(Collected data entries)
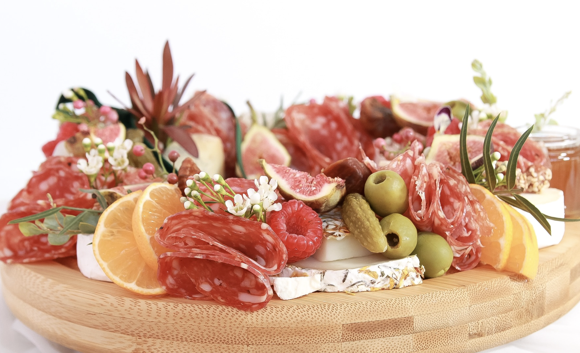 Artisan cheeses, charcuterie meats, fresh local organic fruit, dried fruit, California-grown nuts, olives, cornichons, local raw honey, fruit preserves, edible flowers & garnish. On disposable wood board and eco-friendly wood serving utensils.
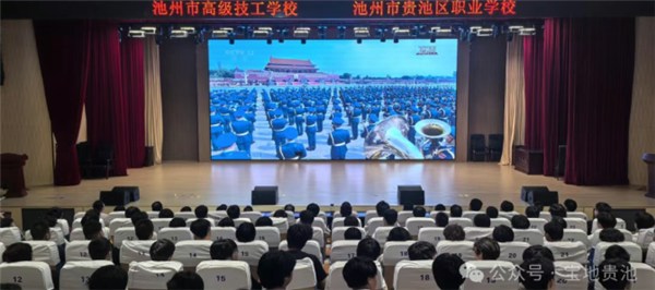 貴池各所學校的青少年兒童也通過教室多媒體大屏等共同上了一堂直抵人心的“沉浸式”思政課,愛黨愛國愛軍的紅色“種子”悄然種下。當先進的預警指揮機、殲擊機、轟炸機等組成的空中梯隊劃破長空,貴池區(qū)秋浦小學一群“10后”的孩子們直觀地感受到了歷史的厚重和民族精神的偉大;而對于正在軍訓的池州市第八中學高一新生們來說,這更是一堂意義非凡的“開學第一課”,教室里學生們端正的坐姿與屏幕中參閱隊員挺拔的軍姿隔空呼應;在池州市高級技工學校,七百余名師生齊聚報告廳,多次自發(fā)響起熱烈的掌聲……“雖然這幾天站軍姿、走正步很辛苦,但是看見閱兵場上的軍人身姿挺拔如松、眼神堅毅如鋼,我渴望成為他們那樣的鐵血軍人,扛起保家衛(wèi)國的責任。”高一新生章涵喊出了自己的夢想。
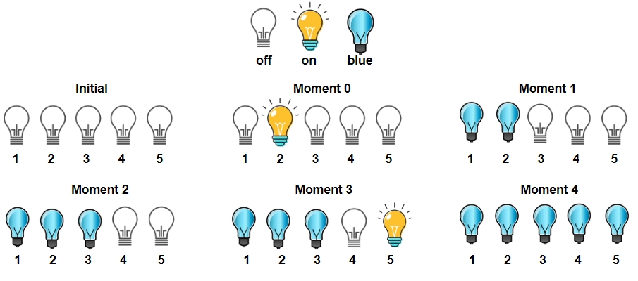 Explanation: All bulbs turned on, are blue at the moment 3 (index-0).
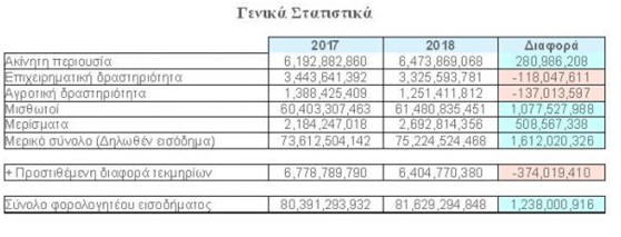 81,6δις ευρώ συνολικού φορολογητέου εισοδήματος, τα 61,5δις
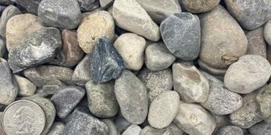 Aggregate Size: 3/4 - 1" Round 1 Cubic Yard covers: 100 Sq. Ft. at 3" Deep or 200 Sq. Ft. at 1.5" deep A medium-sized stone that comes in a shaded mixture of grays.
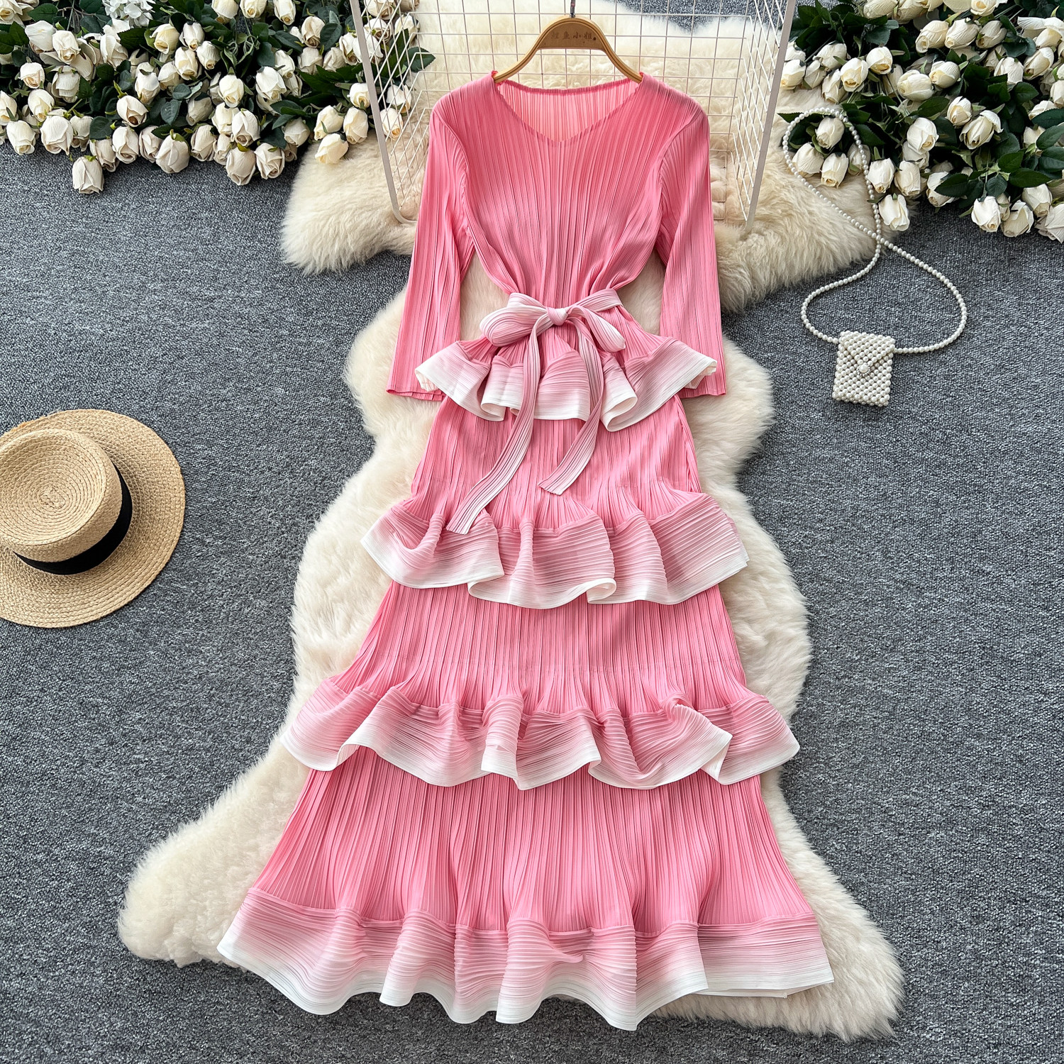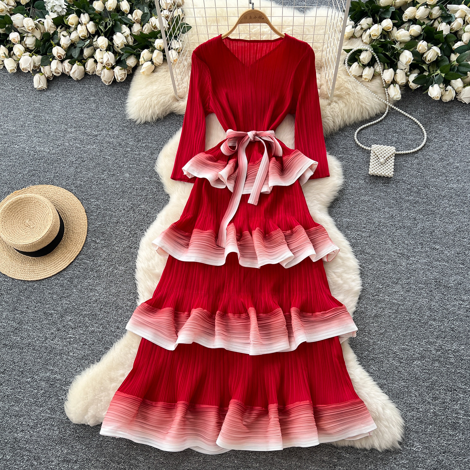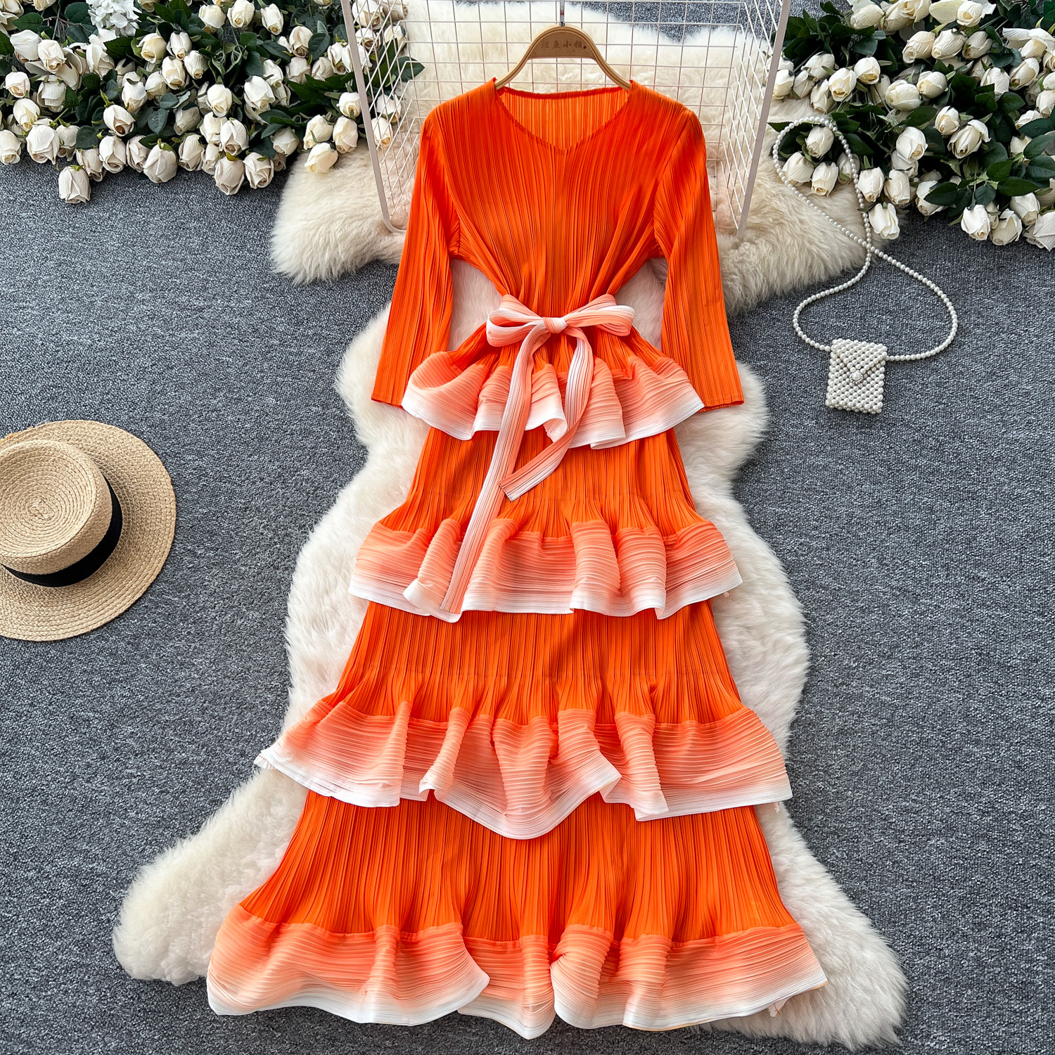 Retro pleated, high-end feel, tie-waist, gradient color, ruffled pleated long skirt for women
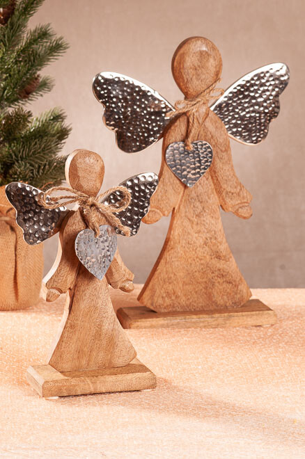 Anjel 34 cm je vyrobený z mangovníkového dreva. Ako šperk pôsobí srdiečko, ktoré je z rovnakého materiálu ako anjelikove krídelká. Dvadsaťpäť centimetrový anjelik je vyrezaný ručne. Mangové drevo vyniká svojou medovou farbou a výraznou textúrou dreva.
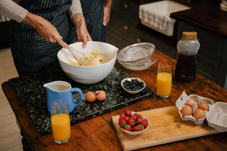 Grandmother preparing batter for pancakes
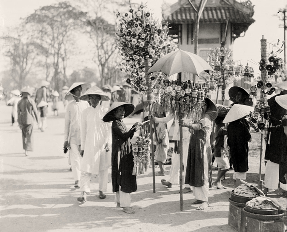 | Quang cảnh chợ Tết ở Huế trước năm 1945. Nguồn: manhhai flickr.com |
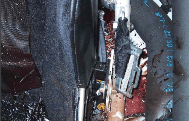 La teoría del cinturón de seguridad estaba fuertemente apoyada por el estado en el quedó su asiento tras el accidente, en especial en el lado derecho, el cual mostraba marcas de roce y un torcimiento hacia dicho lado.
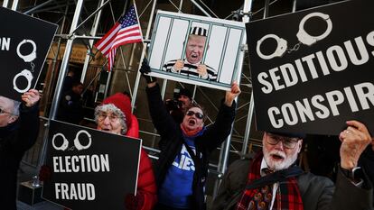 ¿Se esperan protestas? El volcán informativo que entró en erupción el sábado por la mañana incluía un llamamiento a sus seguidores a protestar para “recuperar” el “país”. Esas palabras refrescaron los ecos de los mensajes que mandó en los días previos al asalto al Capitolio. Nueva York y Washington reforzaron la seguridad el martes en puntos clave de ambas ciudades, donde, de momento, se pudo ver a más reporteros que simpatizantes. Los medios informaron la semana pasada de que varias agencias federales y locales mantuvieron reuniones para prepararse para la eventualidad de una explosión de descontento entre sus seguidores.
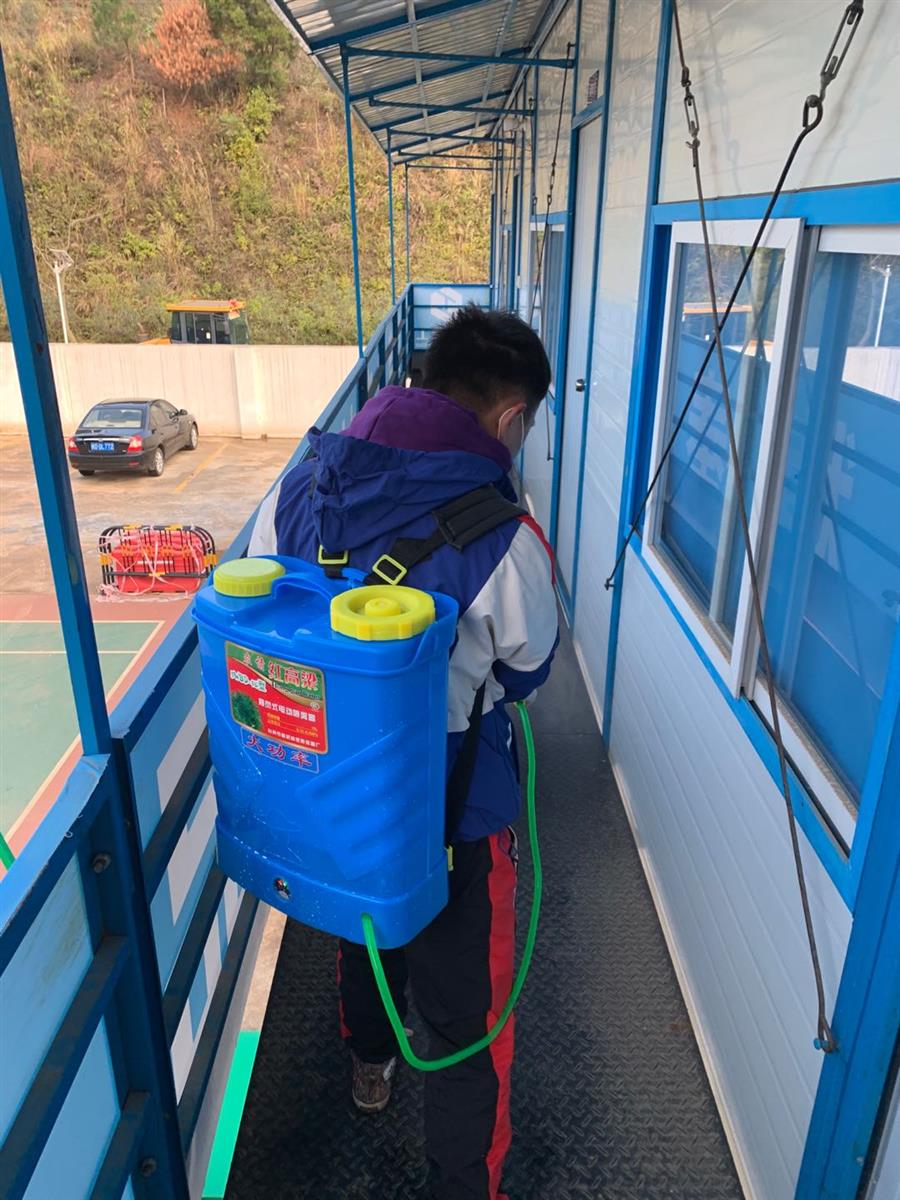 工作人員對項(xiàng)目部進(jìn)行消毒
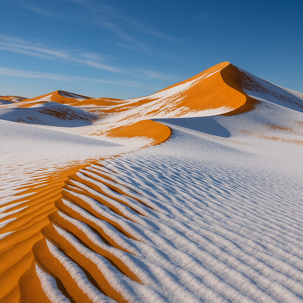 Это звучит как сюжет фантастического фильма, но такие события реально происходят — причём не только в горах, а прямо на песчаных дюнах. Давайте разберёмся, как и почему в пустынях может появиться снег, откуда он берётся и какие удивительные аномалии климата этому способствуют.
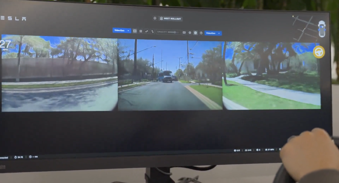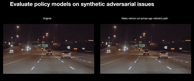 该模拟器使用特斯拉筛选出的同样的海量数据集进行训练,其功能并非预测给定状态下的行动,而是根据当前状态和下一步行动来合成未来状态。
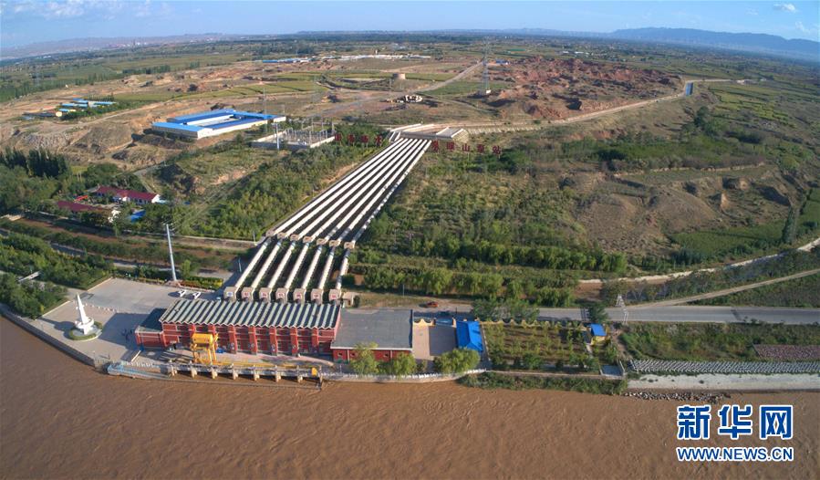 在寧夏固海揚(yáng)水工程泉眼山泵站,巨大的揚(yáng)水管道將黃河水從低處向高處抬升(8月31日無人機(jī)拍攝)。新華社記者劉詩平攝
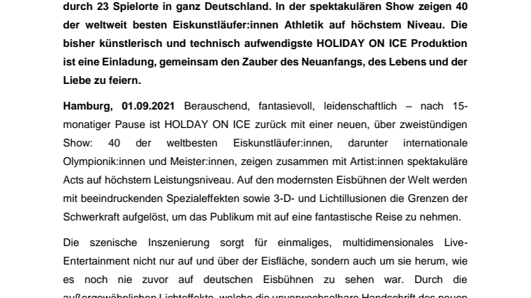 • Pressemitteilung Holiday On Ice - A NEW DAY
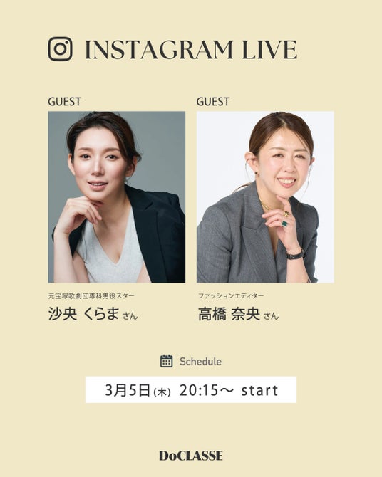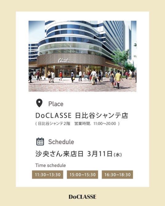 婦人服・紳士服の製造販売ブランド、株式会社 DoCLASSE(ドゥクラッセ)は2026年3月11日(水)に宝塚の聖地「日比谷シャンテ」内の店舗にて、元宝塚劇団専科男役スターの沙央くらまさんを招いた1日店長イベントを開催いたします。
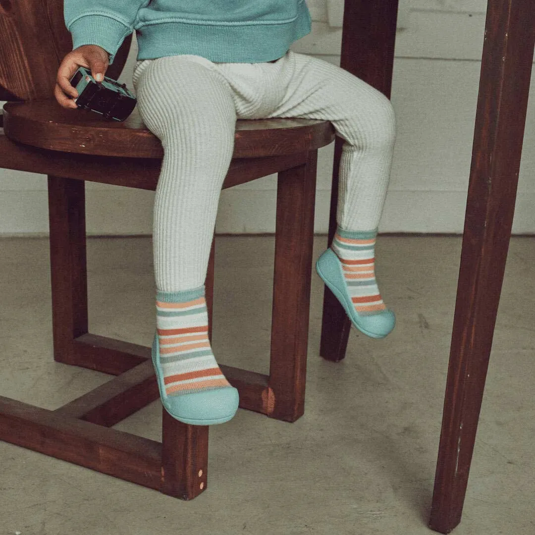 Los Attipas también ofrecen un agarre antideslizante, lo que permite a los niños caminar con confianza sobre baldosas, tablones y otras superficies resbaladizas. Los zapatos Attipas se fabrican en Corea del Sur con algodón natural y caucho y se basan en 7 años de investigación en la Universidad de Seúl.
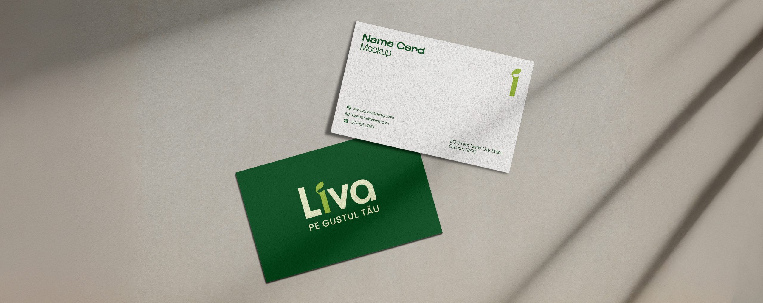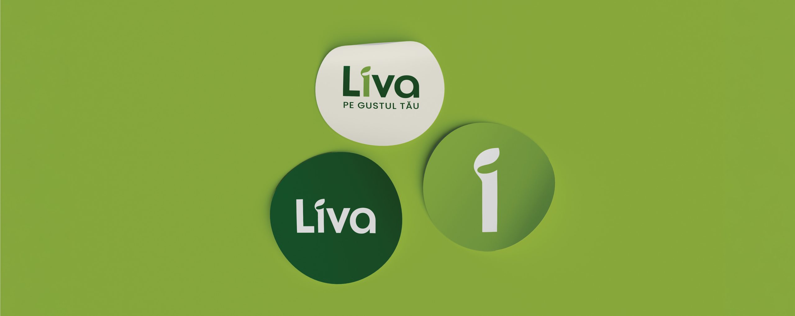 Логотип LIVA построен на округлой, сбалансированной типографике, а лист, интегрированный в букву «i», становится ключевым символическим элементом. Этот визуальный акцент передаёт свежесть, рост и связь с природой, усиливая позиционирование бренда в индустрии натуральных напитков.

▶ **Task objective**: Beginning at the line above that contains "Anjel 34 cm", repeat each line exactly through the one that contains "工作人員對項(xiàng)目部進(jìn)行消毒", and leave out the pictures.

▶ **Worked solution**:
 Anjel 34 cm je vyrobený z mangovníkového dreva. Ako šperk pôsobí srdiečko, ktoré je z rovnakého materiálu ako anjelikove krídelká. Dvadsaťpäť centimetrový anjelik je vyrezaný ručne. Mangové drevo vyniká svojou medovou farbou a výraznou textúrou dreva.
 Grandmother preparing batter for pancakes
 | Quang cảnh chợ Tết ở Huế trước năm 1945. Nguồn: manhhai flickr.com |
 La teoría del cinturón de seguridad estaba fuertemente apoyada por el estado en el quedó su asiento tras el accidente, en especial en el lado derecho, el cual mostraba marcas de roce y un torcimiento hacia dicho lado.
 ¿Se esperan protestas? El volcán informativo que entró en erupción el sábado por la mañana incluía un llamamiento a sus seguidores a protestar para “recuperar” el “país”. Esas palabras refrescaron los ecos de los mensajes que mandó en los días previos al asalto al Capitolio. Nueva York y Washington reforzaron la seguridad el martes en puntos clave de ambas ciudades, donde, de momento, se pudo ver a más reporteros que simpatizantes. Los medios informaron la semana pasada de que varias agencias federales y locales mantuvieron reuniones para prepararse para la eventualidad de una explosión de descontento entre sus seguidores.
 工作人員對項(xiàng)目部進(jìn)行消毒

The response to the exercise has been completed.